Bisnis Batu Giok di Aceh Menjamur Capai 15.000 Pengusaha
Melalui kargo PT Pos Indonesia, giok Aceh itu pernah dikirim hingga 1 ton per hari atau mencapai 15 ton per bulannya dikirim ke luar Aceh.
Editor: Hasanudin Aco
TRIBUNNEWS.COM, BANDA ACEH - Bisnis batu giok dan batu permata lainnya di Aceh semakin berkibar, terutama dalam enam bulan terakhir. Bisnis ini ditekuni oleh sedikitnya 15.000 orang yang tersebar di 13 dari 23 kabupaten/kota di Aceh. Selain itu, hampir di semua daerah di Aceh terdapat batu-batu indah dan bernilai ekonomi yang layak dipasarkan di tingkat nasional, bahkan internasional.
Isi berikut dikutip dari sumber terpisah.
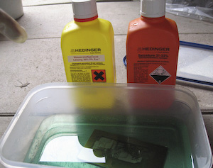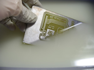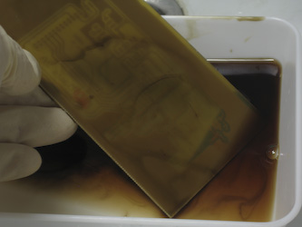 3: Die Platine wird in den Entwikler(blau) gelegt. Dieser entfernt nur
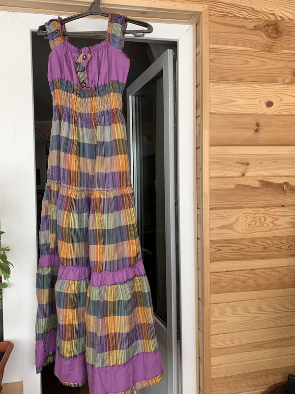 Клетчатый, комбинированный, фасон «Татьянка», украшен пуговичками
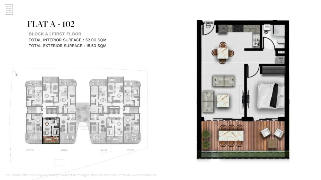 A modern 1-bedroom apartment located within a secure gated residential development in the peaceful outskirts of Larnaca, in the area of Aradippou. Just minutes from the city center, the project is designed to combine contemporary comfort with relaxed Mediterranean living.
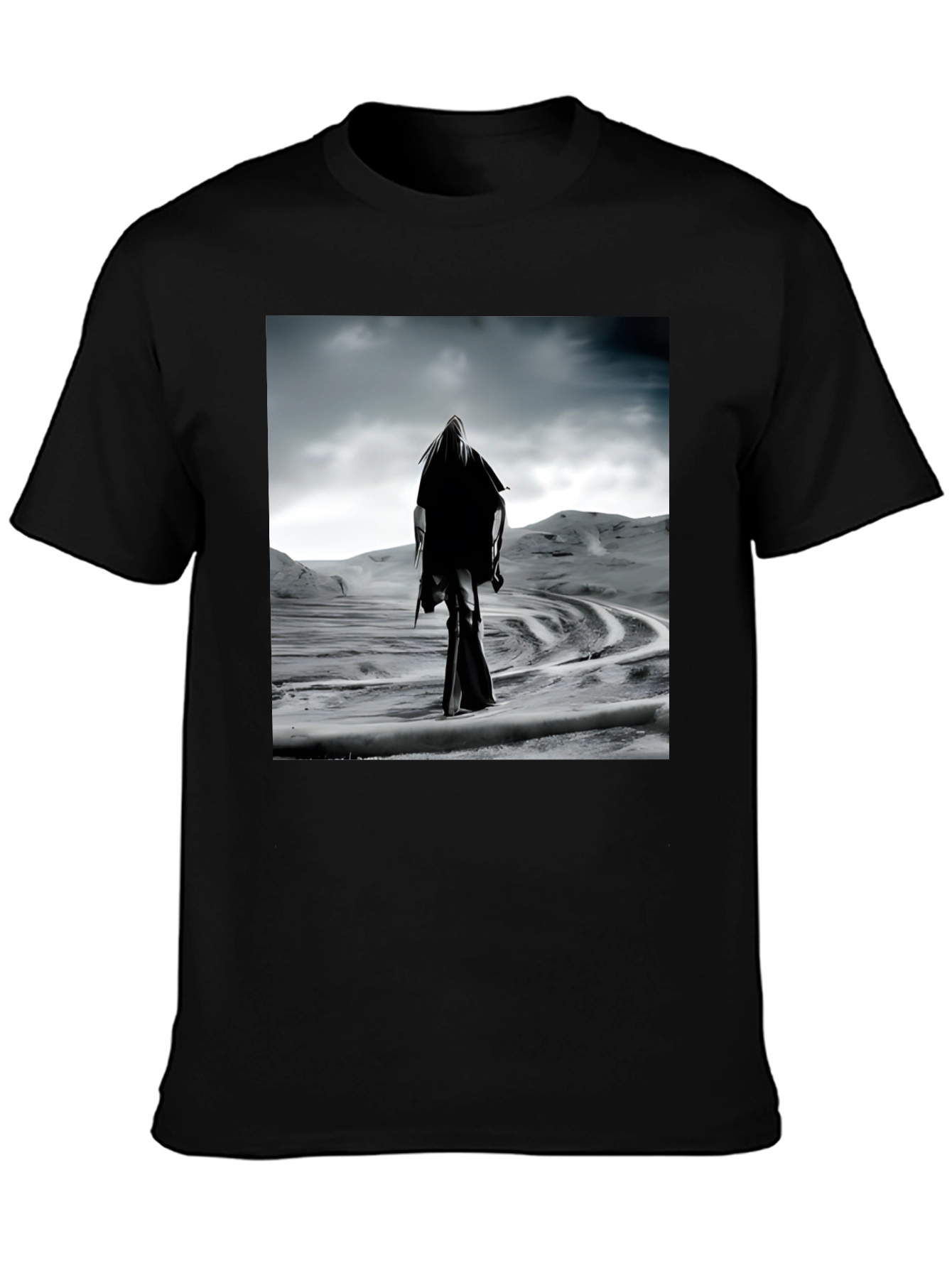 Embrace the enigmatic with this black, short-sleeved t-shirt featuring a captivating graphic print. The design showcases a solitary figure in a dark cloak traversing a desolate landscape, evoking a sense of mystery and adventure. Crafted from soft cotton, this tee offers exceptional comfort and breathability for all-day wear. The striking black and white graphic adds an element of intrigue to your everyday style. Perfect for casual outings, artistic expressions, or as a unique gift for the introspective soul. Express your individuality with this intriguing and stylish tee.
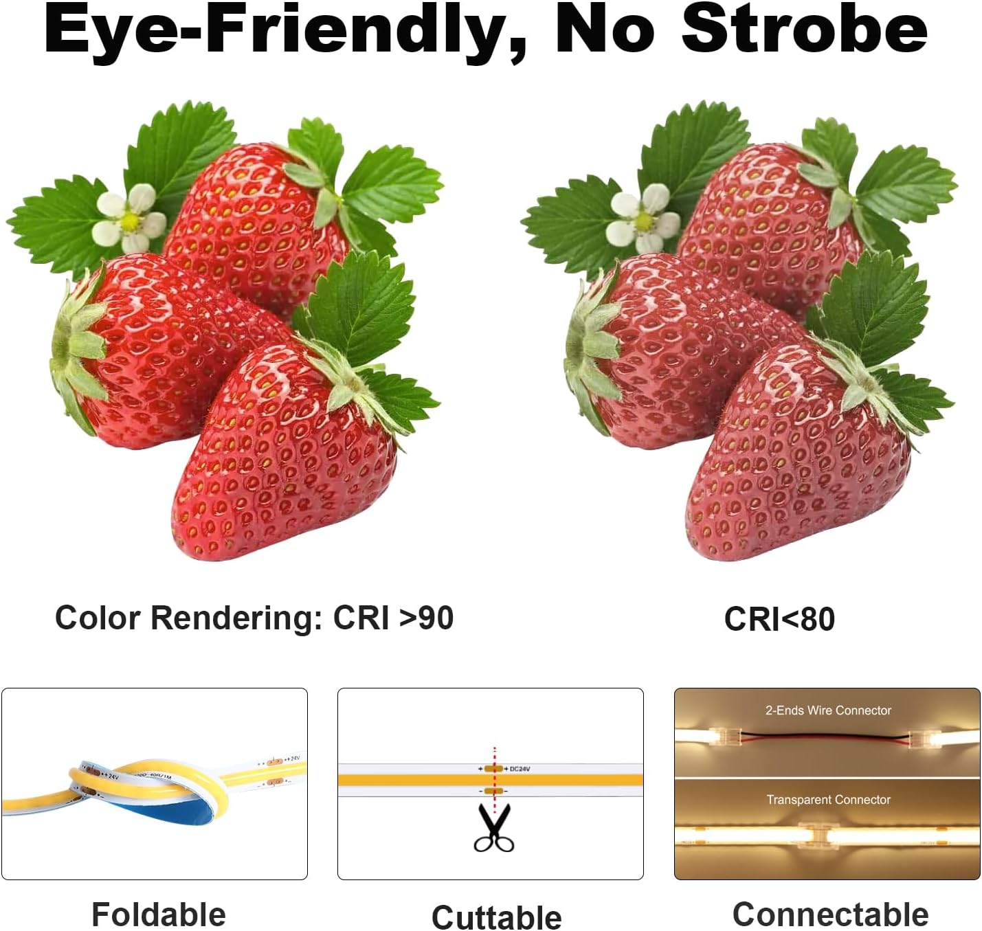 - Ultra-Bright & Uniform Lighting: With 5,760 LEDs (2,880 per 40ft roll), this COB strip eliminates dark zones and provides consistent, flicker-free brightness ideal for large or irregularly shaped spaces.

Hal itu diutarakan Ketua Gabungan Pencinta Batu Alam (GaPBA) Aceh, Nasrul Sufi SSos MM kepada Serambi di Banda Aceh, Rabu (17/12) sore menanggapi laporan eksklusif Harian Serambi berjudul “Aceh Demam Giok” yang dipublikasi Selasa (16/12).
Nasrul Sufi mengaku mendapatkan data jumlah orang yang terlibat dalam bisnis batu giok itu kini dari perwakilan GaPBA di sebagian Aceh. “Sejak didirikan oleh beberapa orang pada 26 Februari 2011, GaPBA Aceh kini sudah punya cabang di 13 kabupaten/kota se-Aceh. Di rata-rata kabupaten dan kota, pebisnis batu gioknya berkisar antara 1.000 hingga 1.200 orang,” sebut Nasrul yang akrab disapa Tgk Abang. Menurut Tgk Abang, Aceh mempunyai potensi yang besar di bidang gemstone. Di Kabupaten Nagan Raya, ia perkirakan tak kurang dari 500 hektare gunung batu yang di dalamnya mengandung 70% giok dalam berbagai jenis. Ada nefrite, idocrass, solar, dan lain-lain.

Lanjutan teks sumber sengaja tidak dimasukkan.